Global Tax deal agreed by the OECD –
- The deal has two main elements –
- Pillar One, which calls for the redistribution of profits generated by the largest companies to the domicile markets where they actually make their sales instead of simply where they are headquartered.
- A quarter of any profits they make above the 10% threshold will be reallocated to the countries where they were earned and taxed there.
- Pillar Two, which establishes a global minimum effective tax rate of 15 percent determined on a country-by-country basis.
- Governments will be equipped to impose additional taxes in case companies are found to be paying taxes that are considered too low.
- The 15% floor under the corporate tax will come in from 2023, provided all countries move such legislation.
- Firms covered by this deal —
- This deal will cover firms with global sales above 20 billion Euros ($23 billion) and profit margins above 10%.
- It is expected to hit digital giants like Amazon, Google and Facebook.
Impact of this deal –
- Analysts believe that this deal will end the global race to the bottom and help governments collect the revenues required for social spending.

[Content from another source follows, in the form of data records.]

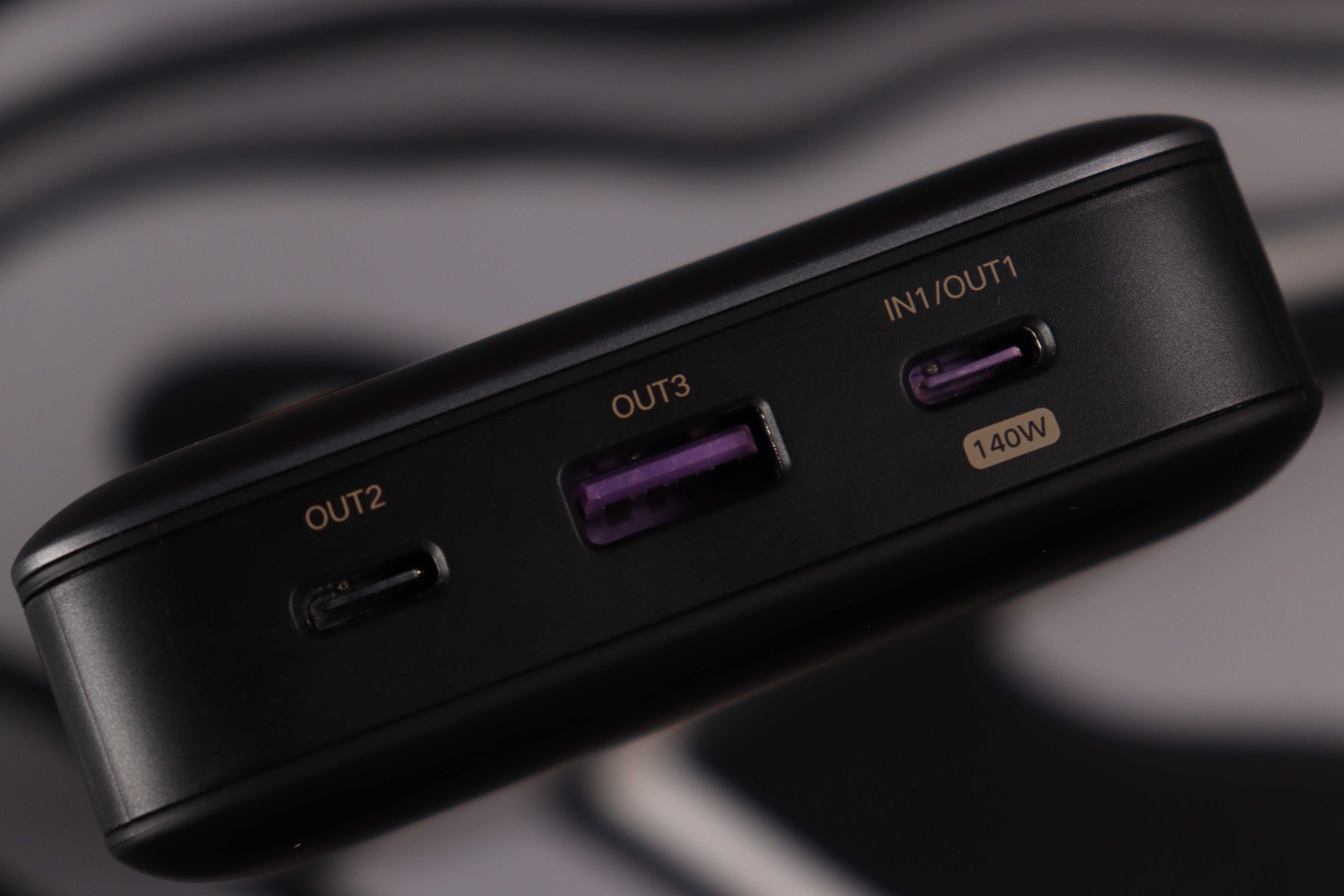Конфигурация портов размещена на верхней грани с четким функциональным разделением. Первый USB-C поддерживает двунаправленную работу с максимальной мощностью 140W (протокол PоwerDelivery 3.1, 28В), второй ограничен 65W, порт USB-А обеспечивает до 22,5W.
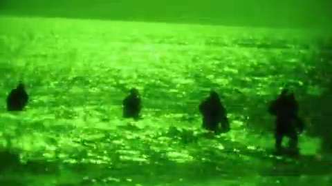 Members of the Army National Guard's 3rd Battalion, 20th Special Forces Group (Airborne) combat dive team helo-cast at night-time in
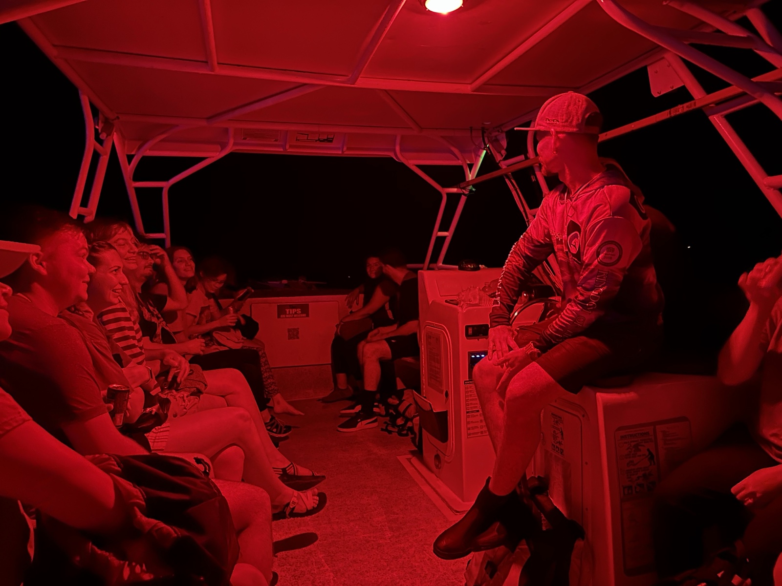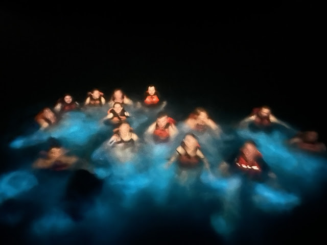 A boat took us 40 minutes or so across the water. Along the way, they taught us that the bioluminescent effect is caused by Dinoflagellates, which are single-celled organisms that live in the water and light up when the water is agitated. It's a cool light, meaning that very little heat is generated and glows blueish white.

- The OECD estimates the minimum tax will generate $150 billion in additional global tax revenues annually.
- Many believe that the plan will also help counter rising global inequality by making it tougher for large businesses to pay low taxes by availing the services of tax havens.
- As per one estimate, taxing rights on more than $125 billion of profit will be additionally shifted to the countries where they are earned.
- On the other hand, critics believe that this deal is the threat of tax competition that keeps a check on governments which would otherwise tax their citizens heavily to fund profligate spending programs.
- They argue that without tax competition between governments, the world would be taxed a lot more than it is today, thus adversely affecting global economic growth.
Need for a global minimum tax –
- In the past, countries would frequently compete with one another to offer an attractive deal to multinationals companies.
- Due to this competition, global corporate tax rates have fallen from over 40% in the 1980s to under 25% in 2020.
- It made sense when those companies might come in, set up a factory and create jobs.
- However, the new digital era giants started simply moving profits around, from the regions where they do business to those where they will pay the lowest taxes.
- Hence, the OECD’s tax plan tries to put an end to this “race to the bottom” by fixing the global minimum tax rate.